-- INFORMATION SUPPLIED follows --

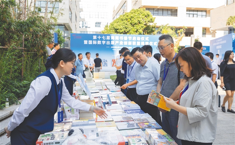 4月23日,第十七届海南书香节启动仪式暨国际数字出版产业创新联盟揭牌仪式在澄迈举行。活动现场,主题丰富的书籍整齐摆放在展台上,与会人员踊跃挑选阅读。
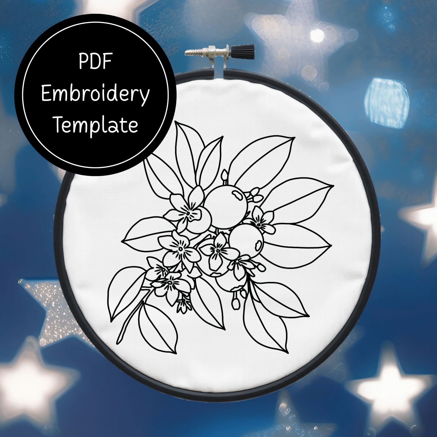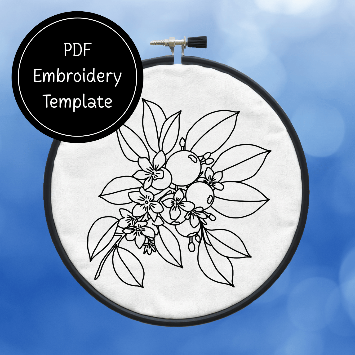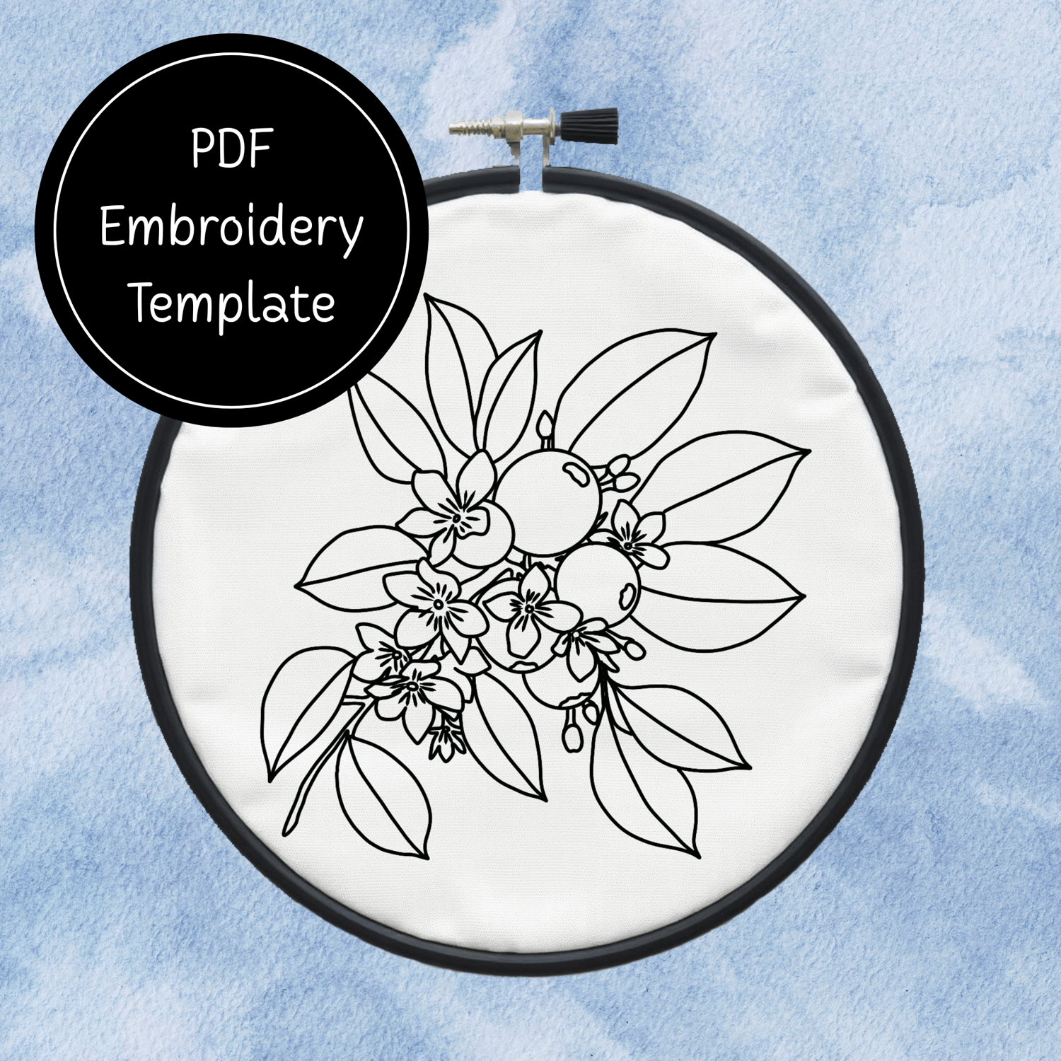 Berries and Flowers Hand Embroidery Pattern DIY Floral Design For Hand Stitching - Instant Download
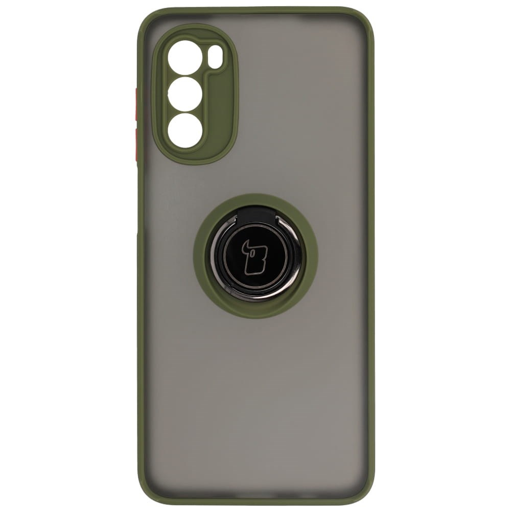 Etui z uchwytem na palec Bizon Case Hybrid Ring do Motorola Moto G52 / G82, przydymione z zieloną ramką

-- INFORMATION SUPPLIED concluded --

> AIM OF THE EXERCISE
Make an exact copy of the data, leaving its pictures out.

> ANSWER SPACE
 4月23日,第十七届海南书香节启动仪式暨国际数字出版产业创新联盟揭牌仪式在澄迈举行。活动现场,主题丰富的书籍整齐摆放在展台上,与会人员踊跃挑选阅读。
 Berries and Flowers Hand Embroidery Pattern DIY Floral Design For Hand Stitching - Instant Download
 Etui z uchwytem na palec Bizon Case Hybrid Ring do Motorola Moto G52 / G82, przydymione z zieloną ramką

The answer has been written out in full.